Suitable preservatives and buffering agents may be used in these formulations. To minimize or eliminate irritation at the injection site, such compositions may contain one or more nonionic surfactants with a hydrophilic-lipophilic balance (HLB) of about 12 to about 17.

Compositions of the present disclosure can also be coupled with soluble polymers as targetable drug carriers. Such polymers may include polyvinyl-pyrrolidone, pyran copolymer, polyhydroxypropylmethacryl-amidephenol, polyhydroxyethylaspartamidephenol, or polyethyl-enoxidepolylysine substituted with palmitoyl moieties. However, it is not limited to this. Moreover, the antibodies of the invention may be selected from a class of biodegradable polymers useful for achieving controlled release of drugs, such as polylactic acid, polyepsilon caprolactone, polyhydroxy butyric acid, polyorthoesters, polyacetals, polydihydro-pyrans, It can be cross-linked with polycyanoacrylates and hydrogels or coupled with amphiphilic block copolymers.

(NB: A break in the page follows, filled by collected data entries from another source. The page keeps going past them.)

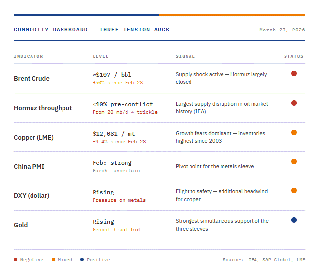Until Hormuz closed, the commodity story ran on two axes: dollar direction and Chinese growth momentum. A third arc has now emerged that overshadows both, for as long as the strait remains closed.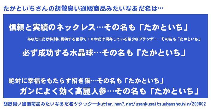 | 意味不明あだ名 | 『ペロリンたかといち』『自称たかといち』 |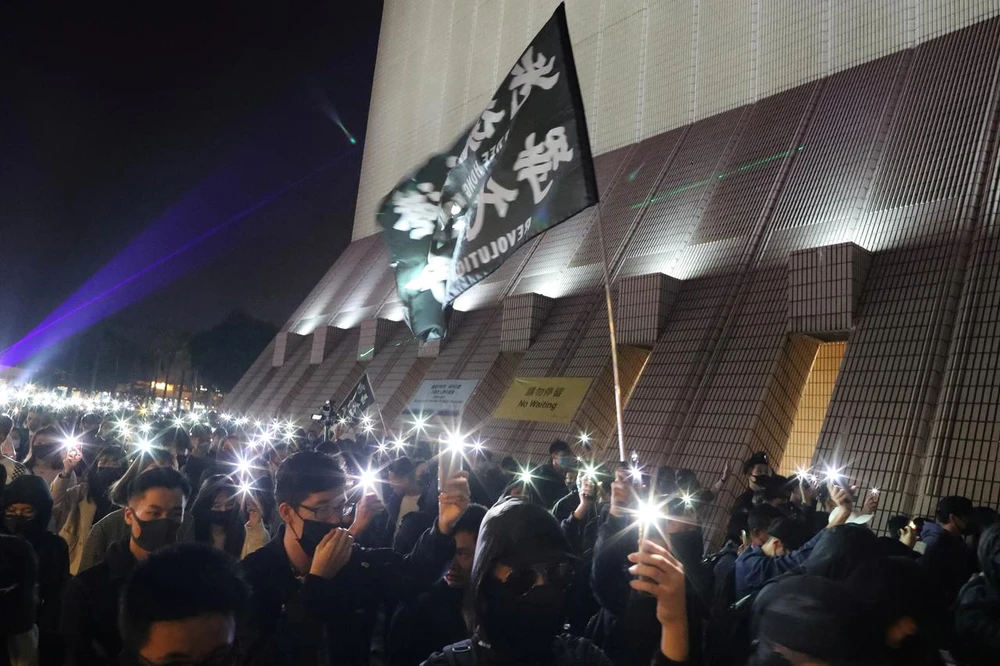 Người biểu tình trong cuộc biểu tình vào đêm Giáng sinh ngày 24-12-2019. Ảnh: REUTERS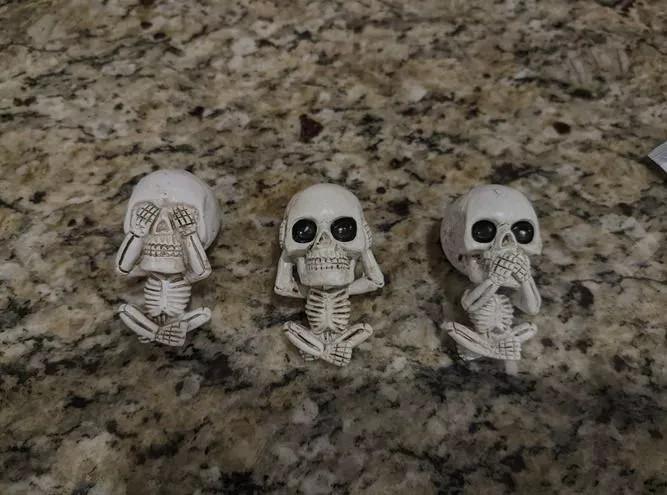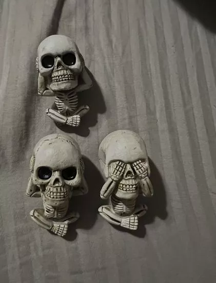 Our exclusive Skull Sculptures Set, featuring the ‘See Nothing, Say Nothing, Hear Nothing’ skulls, is a creative take on the classic proverb. This set, made of high-quality resin, offers a unique and artistic expression for skull enthusiasts and makes a striking addition to any space.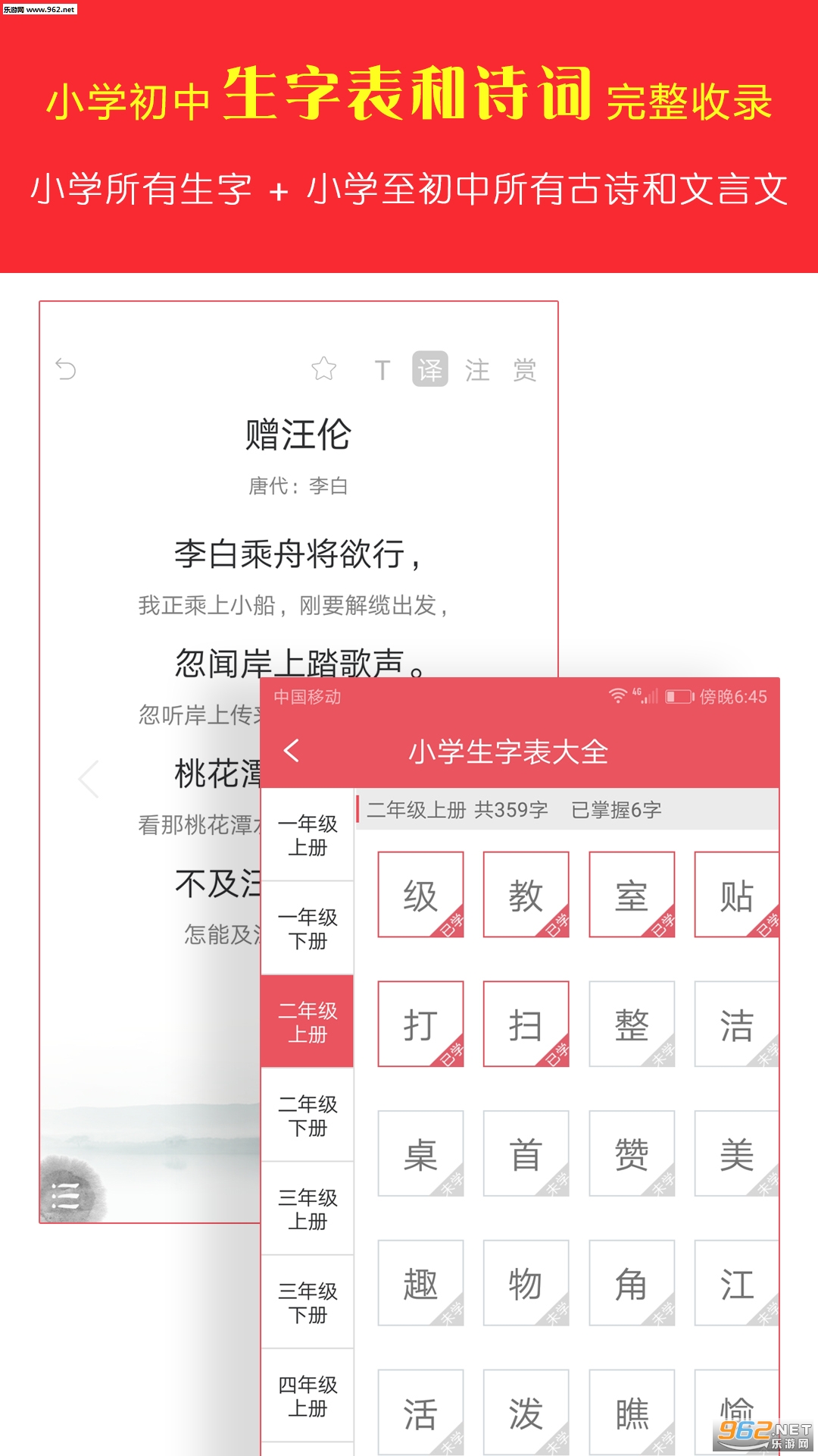 ○ 初中1-3年级学生。通过软件中对应课本的所有古诗词、文言文、每日成语、每日古诗词等...教学生真正理解每一个汉字,巩固汉语汉字知识。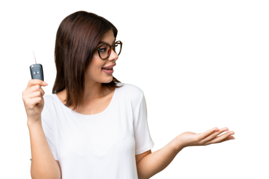 Young caucasian man holding car keys isolated pointing upside with opened mouth.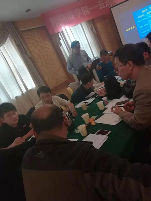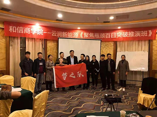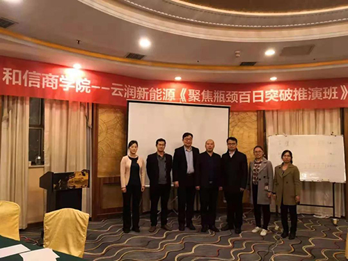 2018年11月3日—4日,云潤新能源針對企業(yè)發(fā)展過程中出現(xiàn)的業(yè)績瓶頸問題請和信商學(xué)院共同進(jìn)行專項研究培訓(xùn)。該培訓(xùn)共持續(xù)兩天一夜,期間商學(xué)院與云潤成員共同梳理業(yè)務(wù)流程、制定考核措施等。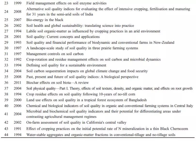 經(jīng)典文獻(xiàn)都密切關(guān)注了文獻(xiàn)發(fā)表時(shí)期該領(lǐng)域發(fā)展的熱點(diǎn)問題,因其較高的社會(huì)關(guān)注度、創(chuàng)新性和系統(tǒng)性,從而引發(fā)其他學(xué)者大量引用。通過對(duì)44 篇經(jīng)典文獻(xiàn)內(nèi)容的分析,2000 年以前多關(guān)注農(nóng)業(yè)管理措施對(duì)有機(jī)質(zhì)的影響和土壤質(zhì)量的概念,2000 年以后,對(duì)土壤質(zhì)量評(píng)價(jià)方法、評(píng)價(jià)指標(biāo)尤其是生物學(xué)指標(biāo)的研究不斷興起,更多地注重土壤質(zhì)量在農(nóng)業(yè)和環(huán)境方面的應(yīng)用,2008 年以來,關(guān)于土壤質(zhì)量與全球氣候變化、土壤修復(fù)的關(guān)系研究受到更多學(xué)者關(guān)注。從整個(gè)過程來看,土壤質(zhì)量從概念的產(chǎn)生到廣泛的應(yīng)用,一直圍繞農(nóng)業(yè)與環(huán)境的可持續(xù)發(fā)展,這也是人類可持續(xù)發(fā)展的主題之一。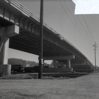 Photograph of Garfield Viaduct construction. Aerial views of the Garfield Viaduct construction. Photograph of a cars using the new Garfield Viaduct. Photograph of the underside of the viaduct. Photograph of children at the ribbon cutting of the Garfield Viaduct.

Pharmaceutical compositions of the present disclosure can be modified to prevent adverse reactions in a subject. These potential adverse reactions include host recognition, anaphylaxis, local inflammation, and other forms of allergic reactions.

Adverse reactions to immunoglobulin compositions are more common with heterologous antibody therapy than with homologous antibody therapy, but the advantages of IgY antibodies in this regard have already been described. In some embodiments of the pharmaceutical composition, the antibody is modified to alter the Fc region of the molecule. In a further embodiment, the antibody is treated to prevent binding between the Fc region of the antibody and the Fc receptor of the cell.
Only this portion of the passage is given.